§ DESCRIPTION OF THE TASK:
Exact copy, no pictures: reproduce every record below as it stands.

§ INPUT MATERIAL:
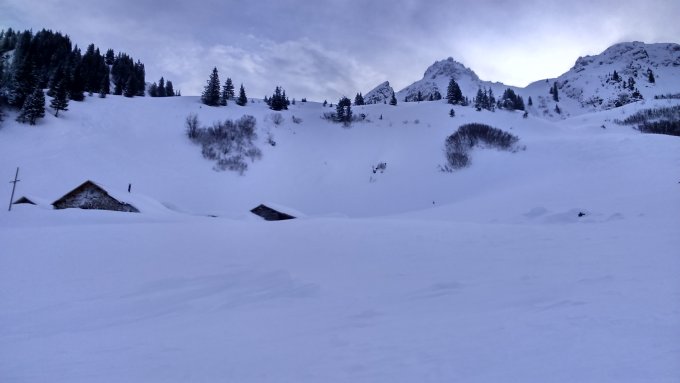 ab dem Rücken oberhalb der Alpe starke Verfrachtungen, die ein Weitergehen nicht mehr vertretbar machten, deshalb dort umgekehrt.
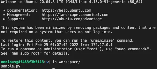 로 ssh 접근이 가능합니다. private key만 가지고 있다면, 어떤 local PC에서도 Docker 컨테이너로 접속할 수 있게 됩니다. 앞선 jupyer notebook, jupyter lab과 마찬가지로, 예제에서는 dry-run을 실행할 때, ssh를 담당하는 22번 컨테이너 내부포트를 Host의 25000번 외부포트로 지정해주었기 때문에 위와 같이 접속하였습니다. 또한 dry-run에서는 -v 옵션을 통해 workspace 내부의 sample.py를 컨테이너에 마운트 해주었는데, ssh로 접근하여 해당 파일이 존재하는지 확인해볼 수 있습니다.
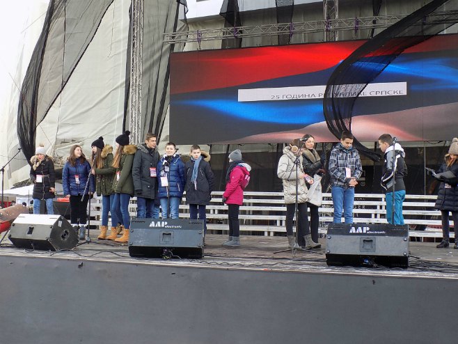 Директор Основне школе „Змај Јова Јовановић“ Дијана Богдановић рекла је да су радо прихватили позив предсједника Републике Српске Милорада Додика да учествују на прослави. Богдановићева, која је и координатор овог културно-образовног програма, рекла је да је данашње обиљежавање свечани, али и емотивни догађај.
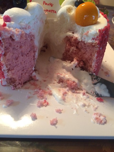 파리바게트 신트리점에서 딸기 생크림 쉬폰 케이크를 5일 저녁에 사서 냉장고에 넣은후 6일 5시30분경 꺼내서 잘랐더니 생크림이 물처럼 나와서 문제가 있는거 같아서 전화를 했다
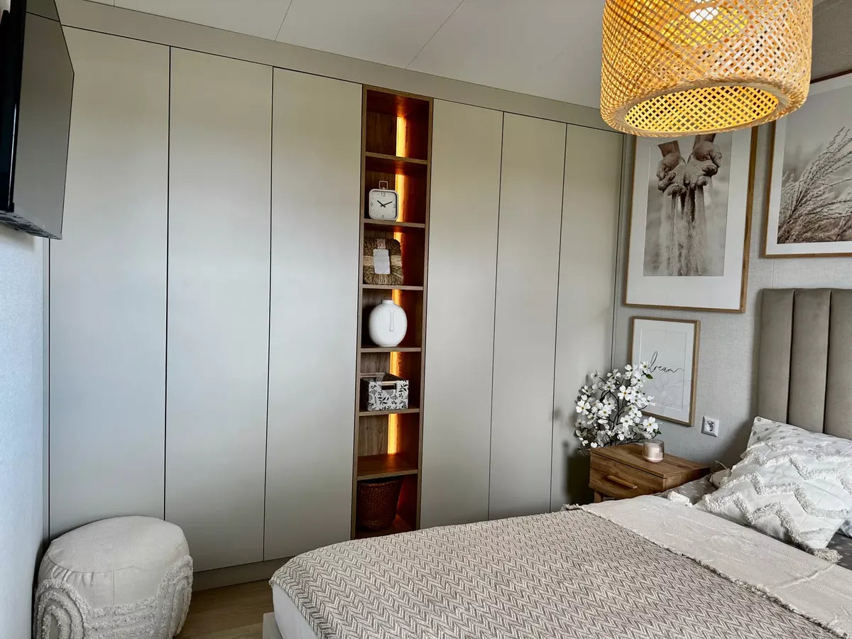 SALÓN con un cómodo sofá convertible en plazas adicionales para dormir, mesa de centro, vitrina de cristal, armarios y un gran acristalamiento con entrada a la terraza.
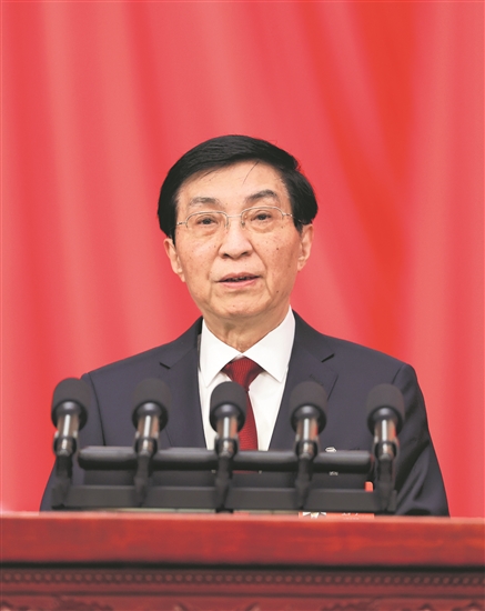 王滬寧代表政協(xié)第十四屆全國(guó)委員會(huì)常務(wù)委員會(huì),向大會(huì)報(bào)告工作。

§ SOLUTION TO THIS EXERCISE:
 ab dem Rücken oberhalb der Alpe starke Verfrachtungen, die ein Weitergehen nicht mehr vertretbar machten, deshalb dort umgekehrt.
 로 ssh 접근이 가능합니다. private key만 가지고 있다면, 어떤 local PC에서도 Docker 컨테이너로 접속할 수 있게 됩니다. 앞선 jupyer notebook, jupyter lab과 마찬가지로, 예제에서는 dry-run을 실행할 때, ssh를 담당하는 22번 컨테이너 내부포트를 Host의 25000번 외부포트로 지정해주었기 때문에 위와 같이 접속하였습니다. 또한 dry-run에서는 -v 옵션을 통해 workspace 내부의 sample.py를 컨테이너에 마운트 해주었는데, ssh로 접근하여 해당 파일이 존재하는지 확인해볼 수 있습니다.
 Директор Основне школе „Змај Јова Јовановић“ Дијана Богдановић рекла је да су радо прихватили позив предсједника Републике Српске Милорада Додика да учествују на прослави. Богдановићева, која је и координатор овог културно-образовног програма, рекла је да је данашње обиљежавање свечани, али и емотивни догађај.
 파리바게트 신트리점에서 딸기 생크림 쉬폰 케이크를 5일 저녁에 사서 냉장고에 넣은후 6일 5시30분경 꺼내서 잘랐더니 생크림이 물처럼 나와서 문제가 있는거 같아서 전화를 했다
 SALÓN con un cómodo sofá convertible en plazas adicionales para dormir, mesa de centro, vitrina de cristal, armarios y un gran acristalamiento con entrada a la terraza.
 王滬寧代表政協(xié)第十四屆全國(guó)委員會(huì)常務(wù)委員會(huì),向大會(huì)報(bào)告工作。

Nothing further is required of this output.